Occasionally, someone will try and talk to me on the microlet — where are you from, what’s your name, where are you going — but usually I just get a couple of stares and that’s it. In my experience, Timorese people don’t mind us foreigners catching microlets; we’re not unwelcome, just a strange sight.
Refusing passengers and requesting the wrong stop
Sometimes when a microlet is extremely full it’ll refuse to take new passengers. The driver indicates this by flashing their lights. If you’ve hailed a microlet that flashes its headlights at you and continues past, you haven’t done anything wrong — it’s either full, or not taking any passengers at all.
One related question I don’t know the answer to is: if I’ve tapped my coin to stop the bus, but belatedly realised it’s not where I wanted to stop, do I get off anyway, or sit still and tell the bus to continue? I am personally too shy to tell the microlet to keep going; every time I’d just get off anyway, but that might not be the only option — you could probably just stay on board.
Payment
A ride of any length costs 25c and is paid at the end, not the start, of your trip (I usually wait until I’ve hit the footpath to hand over my money to the guy sitting next to the driver, who then passes it on, but if the microlet isn’t busy and I have exact change I’ll sometimes hand it over the seat to the driver as I’m passing through the doorway). Try and have the exact fare, for ease, but drivers do give change (it’d be brave to try and pay for a microlet with a $5 note, though).

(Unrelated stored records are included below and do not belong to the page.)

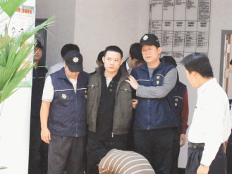 吳東威(中)等人涉嫌放高利貸,為追討14萬(wàn)元債務(wù)逼死陳綾蕙,昨天被警方逮捕。圖片來(lái)源:臺(tái)灣《聯(lián)合報(bào)》
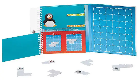 Игра выглядит в форме книги с магнитными карточками и заданиями.
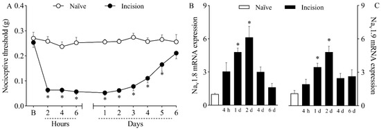 Mechanical hypernociception and increased expression of Nav1.8 and Nav1.9 in the dorsal root ganglia (DRG) caused by plantar incision. Mice were induced to the plantar incision model of postoperative pain. No surgical procedures were performed on naïve mice. (A) The mechanical nociceptive threshold (axis of ordinates) was evaluated at baseline (B) and at different times in hours and days after plantar incision (axis of abscissas). Values represent the filament weight (g) to which mice respond in 50% of presentations. Data are expressed as means ± SD (n = 6). * p < 0.05 compared with naïve group. Two-way ANOVA followed by Bonferroni’s test. (B,C) The levels of Nav1.8 (B) and Nav1.9 (C) mRNA in the DRG (axis of ordinates) were determined by Real-Time PCR at different times in hours (h) and days (d) after plantar incision (axis of abscissas). Target gene expression (2−ΔΔCt) was determined using Gapdh as housekeeping gene. Data are expressed as means ± SD (n = 6). * p < 0.05 compared with naïve group. One-way ANOVA followed by Tukey’s test.
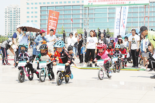 自行车选手们出发后,儿童平衡车公开赛在市人民广场开赛。小选手们你追我赶、互不相让,充分展示出小运动员勇敢向上的心理素质和良好的身体协调性、柔韧性及平衡力。
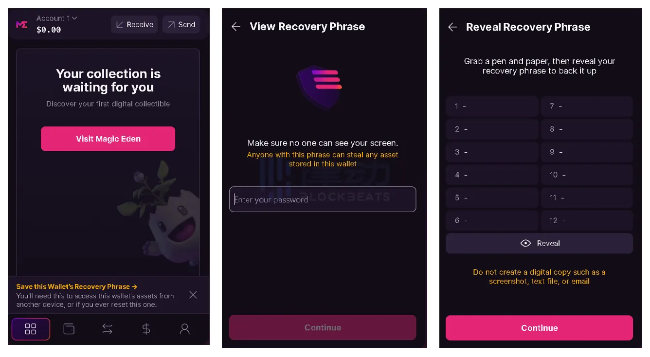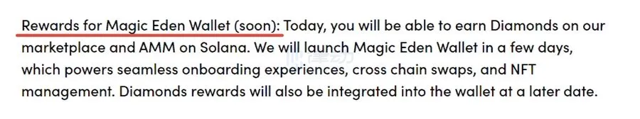 值得注意的是,只有曾经使用过 Magic Eden 上的 Phantom 或 Phantom List On ME 功能才有资格直接领取到钻石空投,而注册 Magic Eden 钱包,并用其在 Magic Eden 交互是为了获得官方承诺的其余奖励。比如,Magic Eden 将于 2 月在钱包内发布来自 Claynosaurz、Degenerate Ape Academy 和 BoDoggos 等 NFT 项目的免费 mint,还能增加 mint 白名单的几率等等。
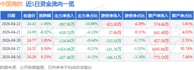 证券之星消息,截至2026年4月22日收盘,中国海防(600764)报收于24.42元,下跌1.09%,换手率0.57%,成交量4.06万手,成交额9896.28万元。
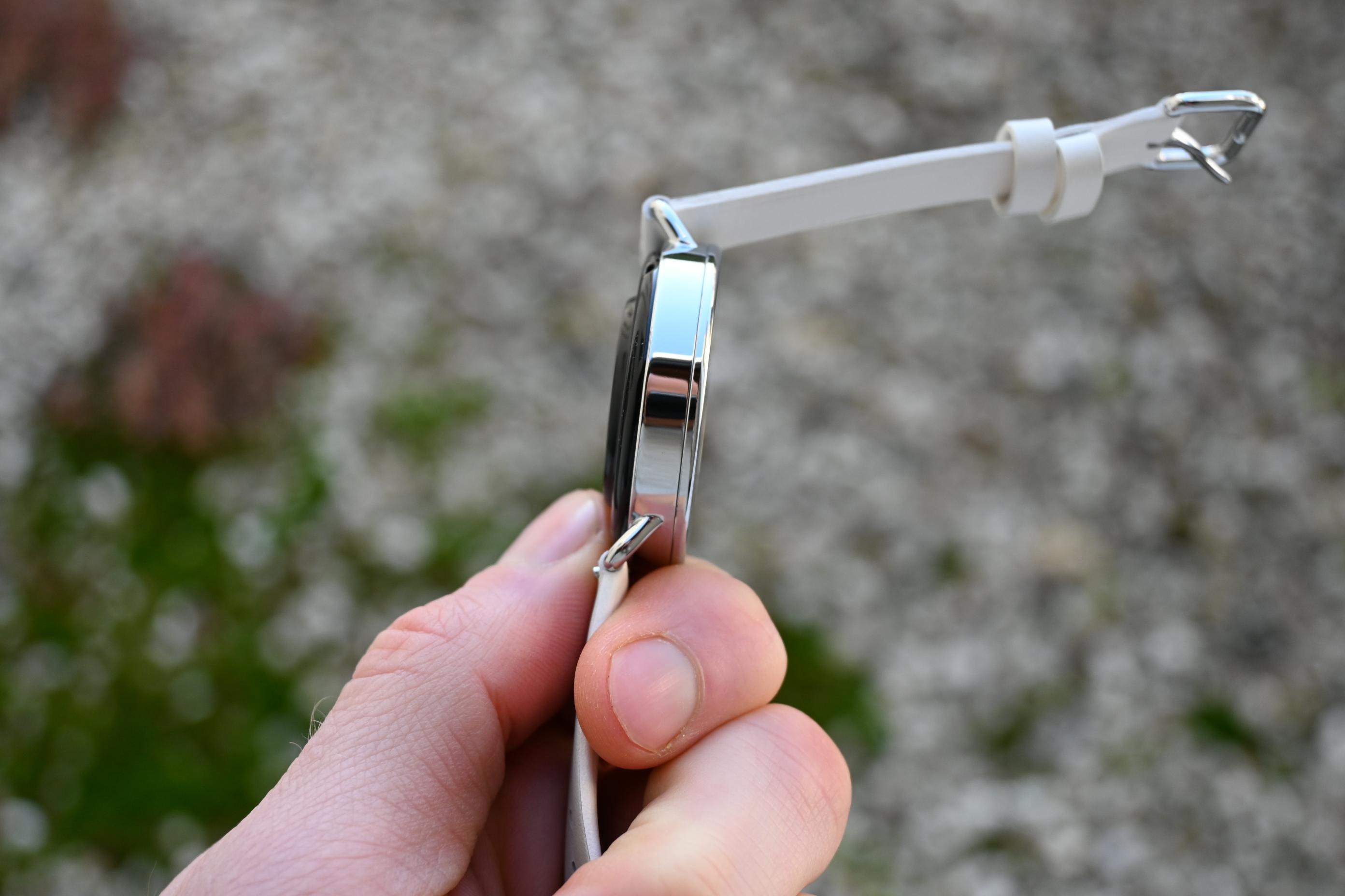 Auf den Produktbildern wirkt die Xiaomi Watch S4 (41mm) elegant und sollte eine unauffällige Figur am Handgelenk machen. Mit 41mm Durchmesser ist die Uhr angenehm klein und vor allem für schmale Handgelenke zu empfehlen, denn das beigelegte Armband ist kurz. Wir haben die weiße Variante im Test. 190mm sind die maximale Länge, was für mein relativ schmales Handgelenk fast schon zu kurz ist. Für Personen mit einem kräftigen Handgelenk dürfte das Lederarmband nicht passen.

I usually pay the 25c, unless I’m going to Cristo Rei — then I pay 50c (it’s a longer drive and seemingly less popular route). If there aren’t many people on the microlet, or if I’ve travelled a fair way, I’ll also pay 50c. To indicate that I don’t need change I just thank the driver as I hand over my cash, and then leave immediately.
I’m a reasonably small woman, but I do feel large and cumbersome inside a microlet — and sometimes I feel guilty taking up the space of what could have been two people, were both passengers Timorese students. That’s another situation that sometimes compels me to pay double. But in my experience, Timorese people don’t mind foreigners on microlets, and no one will be frustrated with you for taking up as much space as your body needs. Enjoy your ride.